Only the lines of the data below from the one with "Versteinertes Fossil - Seestern" through the one with "春节的脚步越来越近,台江县各" are wanted. Repeat them exactly.

TASK INPUTS:
..............................

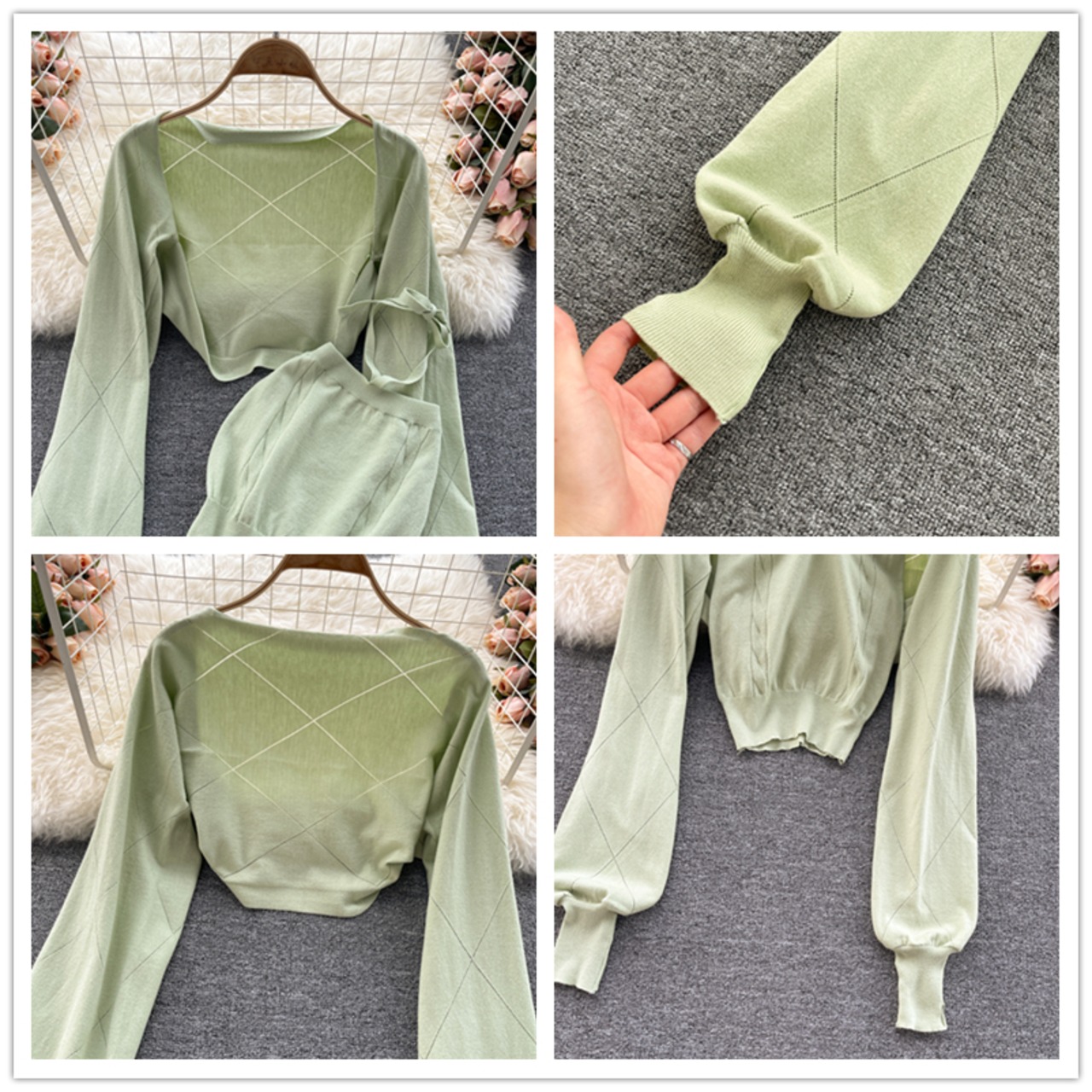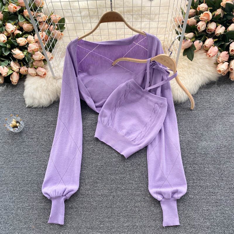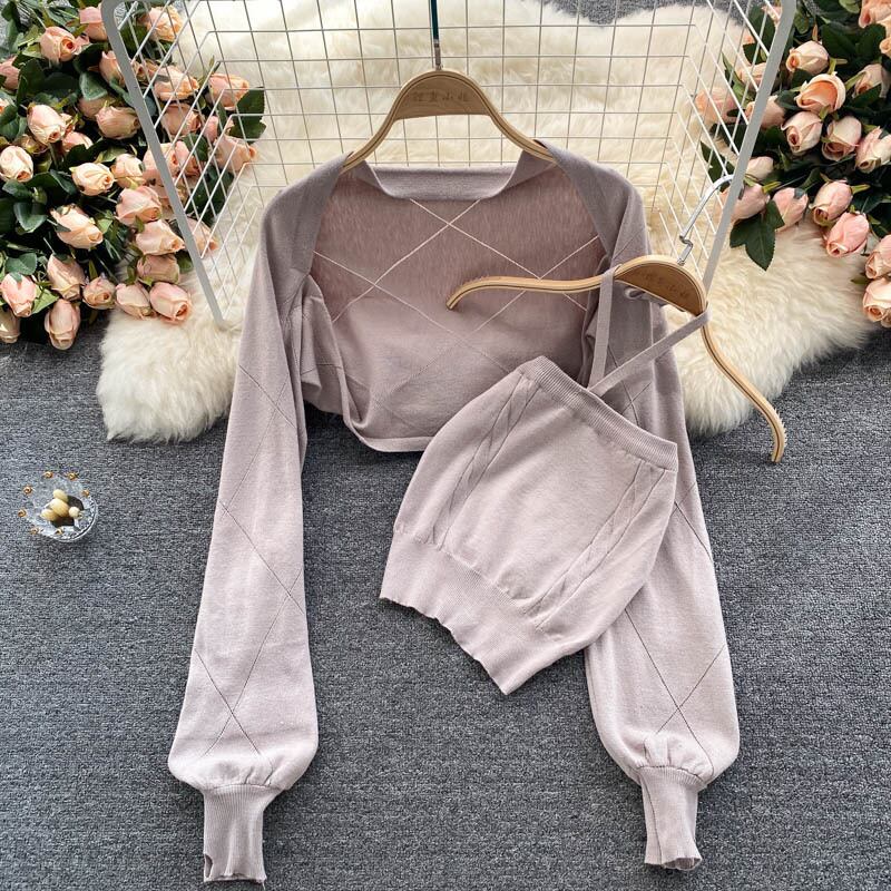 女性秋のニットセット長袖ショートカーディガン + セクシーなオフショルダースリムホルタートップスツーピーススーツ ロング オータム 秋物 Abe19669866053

..............................

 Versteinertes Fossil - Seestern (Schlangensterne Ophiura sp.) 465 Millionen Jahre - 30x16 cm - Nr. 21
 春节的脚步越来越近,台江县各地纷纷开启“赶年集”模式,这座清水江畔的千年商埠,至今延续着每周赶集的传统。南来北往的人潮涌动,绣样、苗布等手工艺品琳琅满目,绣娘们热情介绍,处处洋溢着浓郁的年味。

..............................

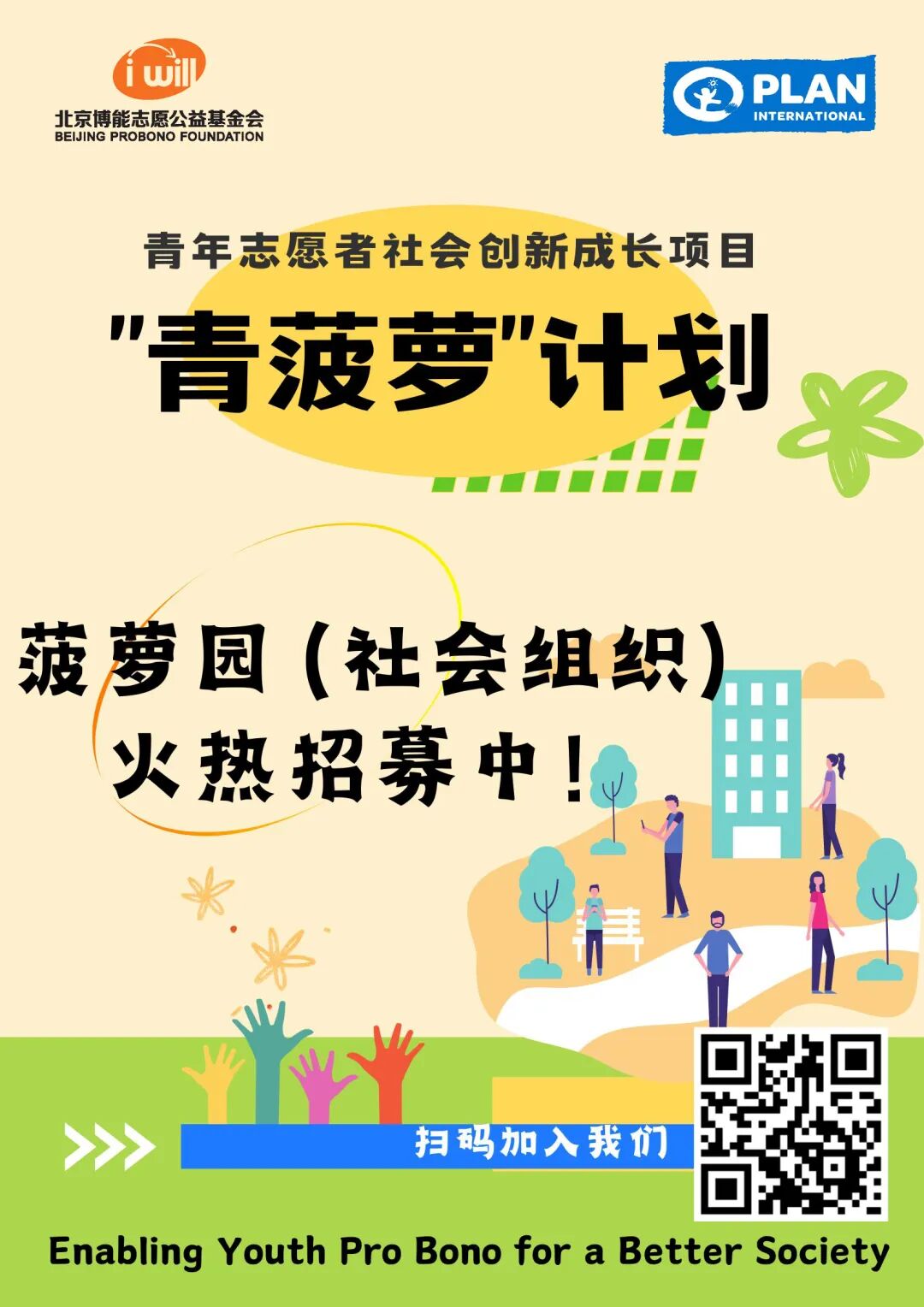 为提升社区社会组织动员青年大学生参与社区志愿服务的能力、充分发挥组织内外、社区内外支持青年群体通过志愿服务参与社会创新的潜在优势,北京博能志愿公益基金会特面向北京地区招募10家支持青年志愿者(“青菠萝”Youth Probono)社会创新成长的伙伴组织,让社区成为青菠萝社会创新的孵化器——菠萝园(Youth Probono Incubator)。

..............................

EXERCISE OUTPUT:
 Versteinertes Fossil - Seestern (Schlangensterne Ophiura sp.) 465 Millionen Jahre - 30x16 cm - Nr. 21
 春节的脚步越来越近,台江县各地纷纷开启“赶年集”模式,这座清水江畔的千年商埠,至今延续着每周赶集的传统。南来北往的人潮涌动,绣样、苗布等手工艺品琳琅满目,绣娘们热情介绍,处处洋溢着浓郁的年味。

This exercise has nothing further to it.